Algicide : un complément, pas un substitut
L’algicide ne remplace pas le chlore choc. Son rôle est de fragiliser la membrane cellulaire des algues pour que le chlore les détruise plus vite, ce qui permet justement de réduire la dose de chlore nécessaire. Utilisé seul, il ne suffit pas à éliminer une prolifération installée. La plupart des algicides liquides du commerce sont compatibles avec les liners PVC à condition de respecter le dosage prescrit.

Brossage et filtration : éliminer les algues collées aux parois sans rayer le liner
Quand les algues sont incrustées sur le liner, le traitement chimique seul ne suffit pas. Le biofilm adhère aux parois et au fond, protégeant les algues du chlore. Le brossage mécanique brise ce biofilm et met les algues en suspension pour que la filtration les capture.
Le choix de la brosse détermine si le liner sera préservé ou griffé. Seules les brosses à poils souples (nylon) conviennent pour un liner PVC. Les brosses métalliques, réservées aux bassins en béton, rayent le PVC et créent des micro-sillons où les algues se réinstallent plus facilement.
Après le brossage, la filtration doit tourner en continu pendant au moins une journée complète. Les algues mortes et le biofilm décollé passent dans le filtre. Si le filtre est à sable, un ajout de floculant dans le préfiltre aide à agglomérer les particules fines que le sable seul laisserait passer.
Nettoyez ou contre-lavez le filtre une fois le traitement terminé. Un filtre saturé de résidus d’algues perd son efficacité et peut favoriser un retour rapide du problème.
Prévenir la réapparition des algues sans multiplier les chocs chimiques
Chaque traitement choc supplémentaire raccourcit la durée de vie du liner.
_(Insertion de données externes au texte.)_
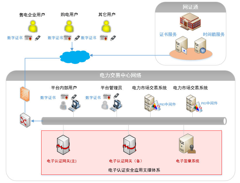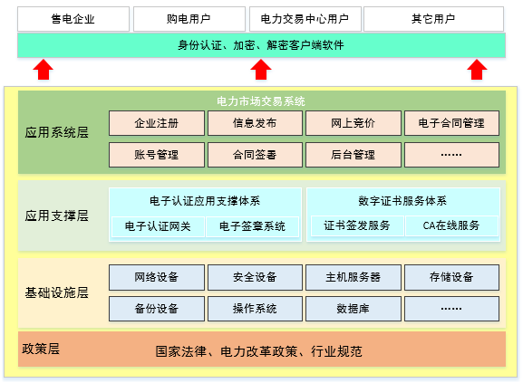 引入合法第三方CA電子認證技術,搭建電子認證支撐平臺,與電力市場交易系統有機結合,解決電力交易的身份認證安全、數據傳輸安全、網上報價保密、網上合同簽署的合法性等安全需求。
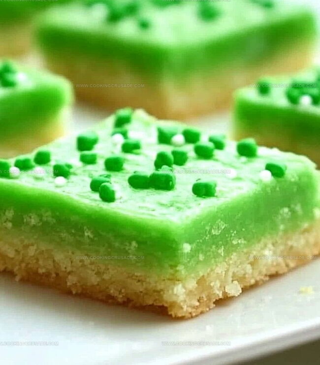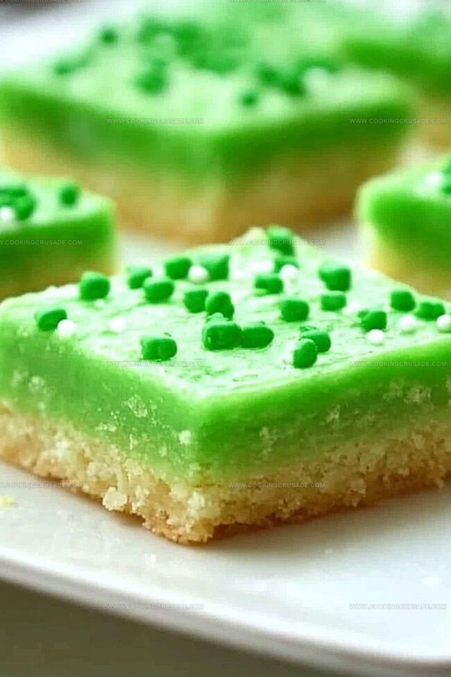 Once the bars cool completely, spread that vibrant green frosting across the top. Sprinkle with festive decorations that make your treat pop with holiday spirit. Slice into squares and enjoy your Irish-inspired dessert!
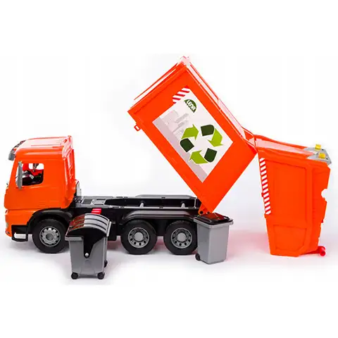 Smetarsko vozilo za selektivni odvoz smeti Mercedes-Benz je do potankosti podobno pravemu, zahvaljujoč s podrobnostmi bogati izdelavi pa vse pomembne funkcije delujejo in tako lahko otroci v svojem igralnem mestu izvajajo odvoz smeti. K kompletu spada tudi večji smetnjak, ki ga lahko z dvižnim mehanizmom na zadnji strani smetarskega vozila tudi zlahka izpraznijo in smeti odpeljejo na odlagališče. Certifikat LENA Spiel Gut je potrdilo o izjemno kvalitetnih osnovnih materialih in trpežni izdelavi, kot tudi o iz otrokovega stališča najpomembnejših igralnih doživetjih.

La prévention est donc un investissement direct dans la longévité du revêtement.
- Maintenir un taux de désinfectant stable et régulier plutôt que d’alterner sous-dosage et surdosage brutal. Un chlore constant à dose modérée protège mieux le liner qu’un choc violent tous les quinze jours.
- Contrôler le pH et le chlore quotidiennement quand la température de l’eau dépasse un seuil élevé, car la chaleur consomme le chlore plus vite et stimule les algues.
- Nettoyer la ligne d’eau régulièrement avec une éponge douce pour empêcher les dépôts graisseux qui servent de substrat aux algues.
- Couvrir le bassin la nuit ou en cas d’absence prolongée, afin de limiter l’apport en spores d’algues et en nutriments (pollens, poussières organiques).
Le liner d’une piscine bien entretenue conserve sa souplesse et ses couleurs pendant de nombreuses années. À l’inverse, des chocs chlore répétés sur un PVC déjà fragilisé peuvent imposer un remplacement anticipé du liner, un coût bien supérieur à celui d’un entretien préventif rigoureux. Le meilleur traitement anti-algues reste celui que l’on n’a pas besoin de faire.